Castañeda is building a Media Justice Network which already includes a number of local media networks, including La Prensa, Tertulia, El Sol Latino, and the Latino Youth Media Institute of WGBY.

As a Chicana growing up in Southern California, UMass Amherst communications expert Mari Castañeda thought critically about the injustices present in her borderland hometown—a skill she is now teaching in her media and communications classes. Castañeda incorporates a personal element into her research and activism, and by doing so she gives voice to underserved populations.

“A lot of the research that I do is very intimately connected to my background, who I am…I feel like I’m contributing to a larger theoretical understanding but also participating in a larger movement,” says Castañeda.

Her research is aptly timed—the Latino media movement is exploding as big-media networks clamor to build Hispanic audiences. The influx of Latino-oriented content presents a unique opportunity for Castañeda to investigate the changing media landscape and its impacts on Latino communities. Castañeda is conducting research across the media spectrum using feminist and critical race theories as lenses to illuminate inequalities in the industry. Since she arrived on campus in 2000, Castañeda has built strong connections through Latino media advocacy work in nearby Springfield and Holyoke. This is an important theme in Castañeda’s work—she believes community service, activism, teaching, advocacy and research are intrinsically connected ideas that should not be separated, and she has won several awards for her ability to integrate them.

Castañeda teaches in the Communication Department, which has a core group of experts focused on the interplay between media and politics. Along with colleague Martha Fuentes-Bautista, she was recently awarded funding by the Five College Public Policy Initiative to jumpstart a Media Justice Network for the Pioneer Valley. In addition to this grant, the Five College Women Studies Research Center awarded Castañeda, Fuentes-Bautista, Bernadine Mellis, and Demetria Shabazz a digital humanities grant to start a Feminist Media Justice Colloquium. Castañeda sees the funding as “laying the foundations” for a major media justice consortium. The funding is helping her build new ties to local media networks, which already include La Prensa, Tertulia, El Sol Latino, and the Latino Youth Media Institute of WGBY. Farther afield, Castañeda is researching media outlets across the country and their impacts on emerging Latino communities with hopes of incorporating them into the network.

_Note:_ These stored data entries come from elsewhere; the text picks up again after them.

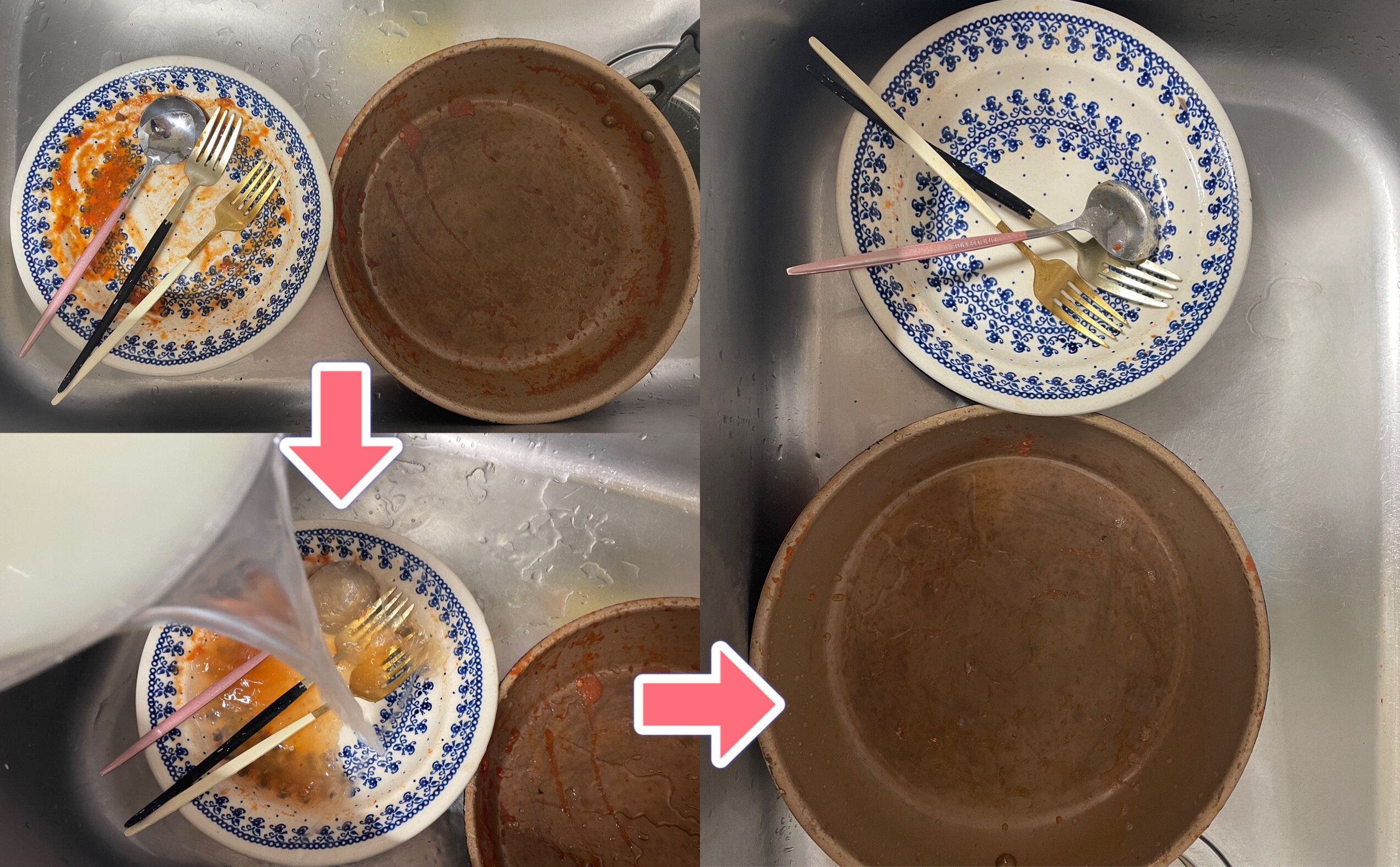使い終わった食器やフライパンをシンクに置き、上からゆで汁をまわしかけるだけでもある程度の汚れが落とせます。その後、洗剤を使って洗ったり食洗機に入れたりするのがいいですよ。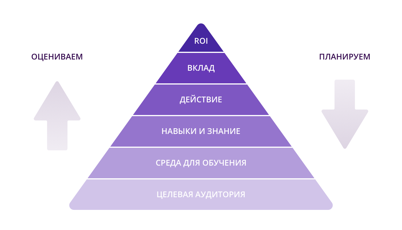 Визуально методология представлена в виде пирамиды. При планировании мероприятия мы идем сверху вниз, а эффект от мероприятия оцениваем, возвращаясь обратно снизу вверх.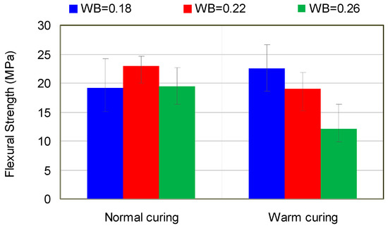 As shown in Figure 8, the 28-day flexural strength of RPC shows the same trends as for the compressive strength. For normal temperature curing, when the WB increased from 0.18 to 0.22, the flexural strength of the RPC mixture increased, but a further increase of the WB from 0.22 to 0.26 led to a strength drop. For warm temperature curing, the flexural strength of RPC mixtures generally decreased as the WB increased. Therefore, higher early-age temperature curing leads to higher early flexural strength and lower long-term flexural strength.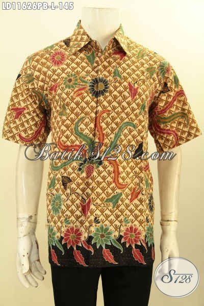 Pakaian Batik Pria Motif Mewah Warna Berkelas, Busana Batik Lengan Pendek Proses Printing Cabut Bahan Adem Kwalitas Bagus Hanya 145K, Pas Banget Kerja Atau Kondangan [LD11626PB-L]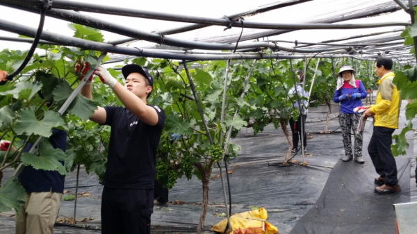 이날 직원들은 포도 알 같이 굵은 땀을 흘리며 포도 순 따기 작업을 했다. 포도밭 주인은 “포도 알, 순 솎기 등을 적기에 작업 하지 않으면 상품성이 떨어지는데 직원들이 일손을 덜어주고 감사하다”라고 말했다.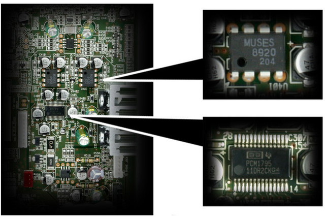 DACにはバーブラウン「PCM1795」を搭載。オペアンプは「MUSES8920」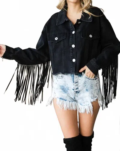 Spencer Fringe Denim Jacket In Black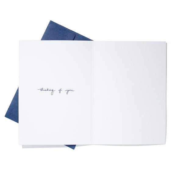 Crafted in high-quality paper, this 5 x 7 inch card comes with a vibrant blue envelop as dark as the night sky.
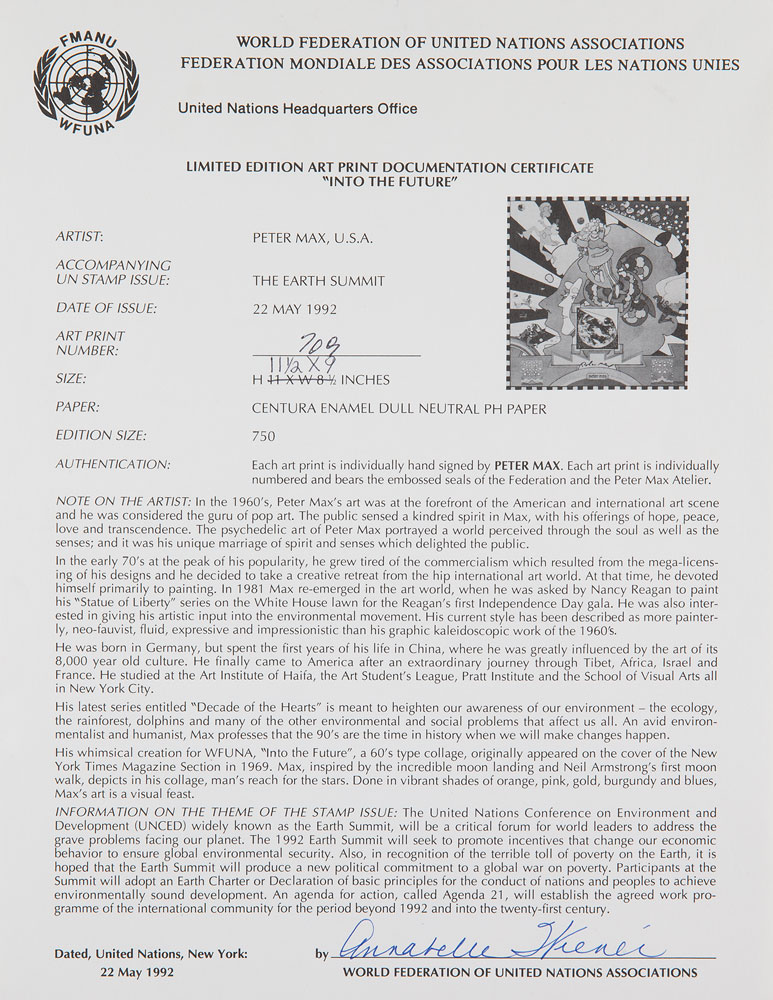 Color limited edition 9 x 11.5 lithograph entitled 'Into the Future,' issued in 1992 in conjunction with the United Nations 'Earth Summit' stamp, numbered 709/750, signed in the lower border in green felt tip, "Max." In fine condition, with very slight overall fading. Accompanied by a certificate of authenticity from the World Federation of United Nations Associations.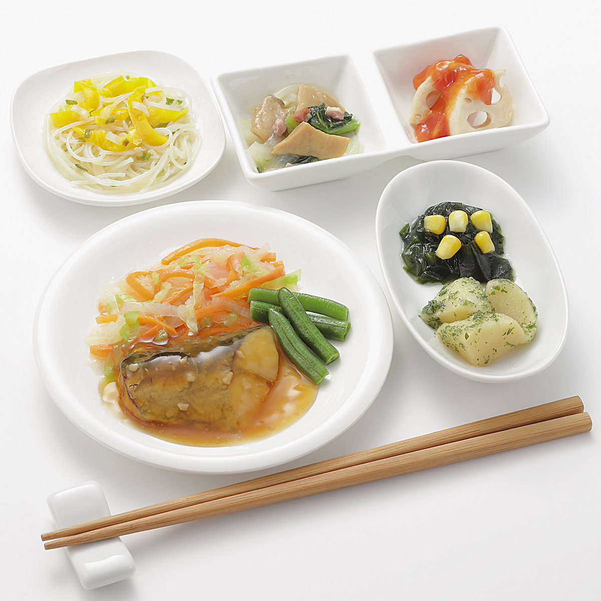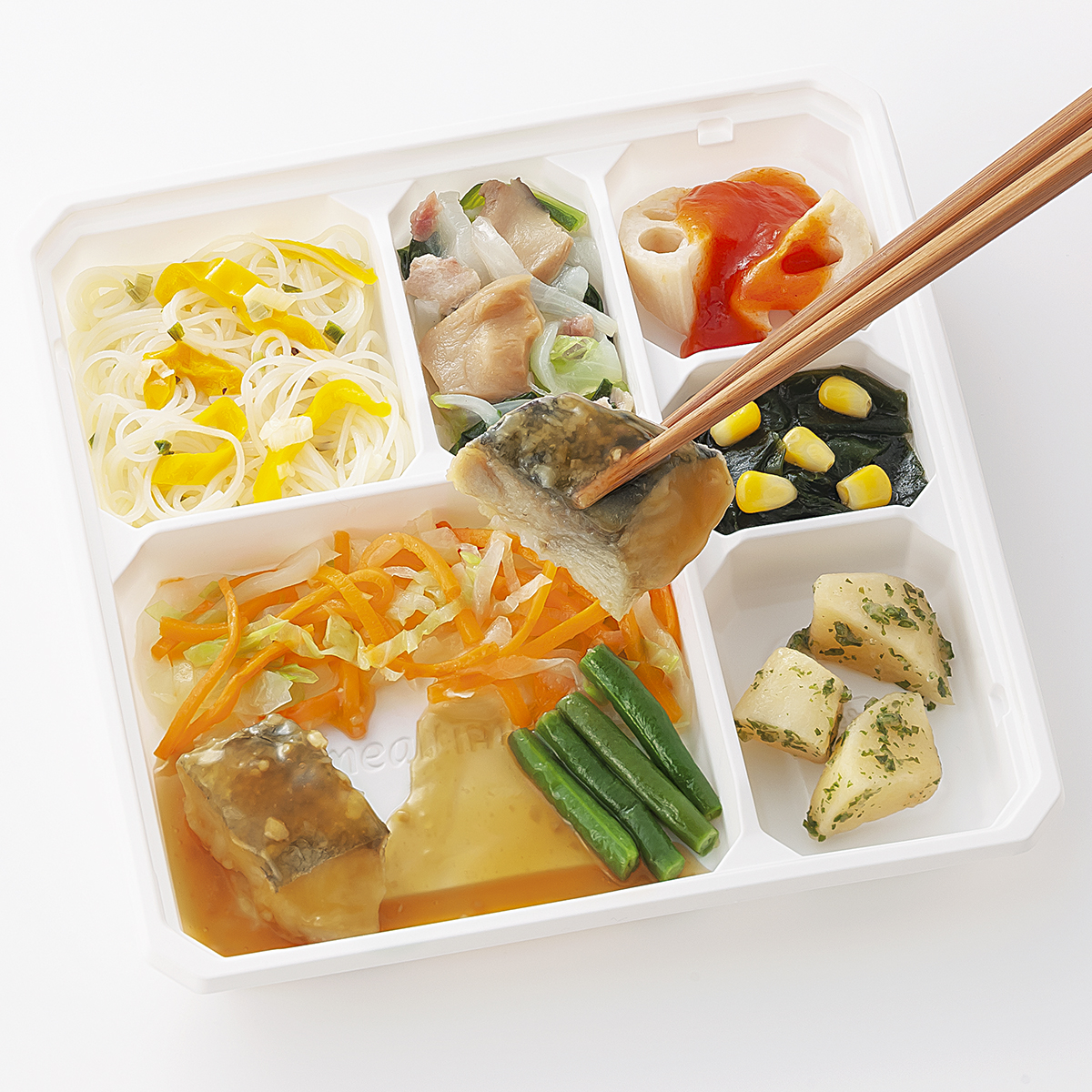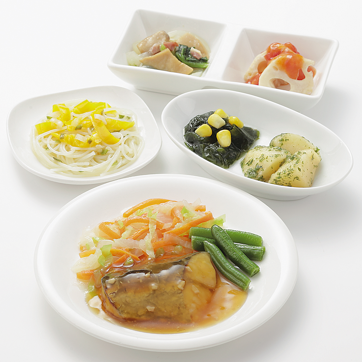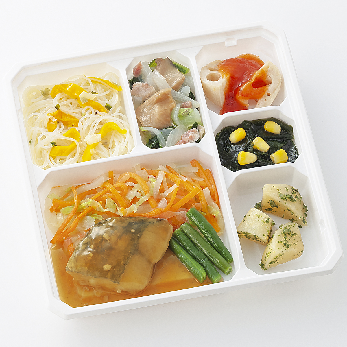 | 原材料名 | サワラ、じゃがいも、れんこん、キャベツ、なたね油、玉ねぎ、人参、黄ピーマン、ビーフン、サヤインゲン、小松菜、コーン、エリンギ水煮、ねぎ、トマト・ピューレー漬、濃口醤油、ごま油、ケチャップ、三温糖、バターフレーバーオイル、食塩、中華スープの素、にんにく、焼ベーコン、調合油(なたね油、ごま油)、乾燥わかめ、顆粒洋風だし、パセリ粉、白こしょう、黒こしょう/糊料(加工デンプン、CMC)、加工デンプン、調味料(アミノ酸等)、乳化剤、リン酸塩(Na)、香料、くん液、pH調整剤、酸味料、酸化防止剤(エリソルビン酸Na)、香辛料、発色剤(亜硝酸Na)、着色料(カロテン、カラメル)、(一部に小麦・乳成分・牛肉・ごま・大豆・鶏肉・豚肉・ゼラチンを含む) | ||

Castañeda and her colleagues are designing the Media Justice Network to be an open forum for people to discuss media-related issues and work to bridge gaps within the community.

As communications technology continues to advance, Castañeda and her colleagues are investigating ways to pass policies that will promote fair and equal online access. Just as the Penny Press made newspapers affordable to the average citizen in the 1830’s, internet enabled devices are becoming more far-reaching. However, major issues remain in creating a standardized online experience that people of all ages, races, backgrounds, and geographic locations can enjoy.

Castañeda points out these media injustices extend to the global level as well. Maquiladoras, young Mexican female laborers, are working under unfair conditions to produce high-technology devices for distribution in the United States. She emphasizes that from labor to production, and content to access, it is important to look at the whole picture.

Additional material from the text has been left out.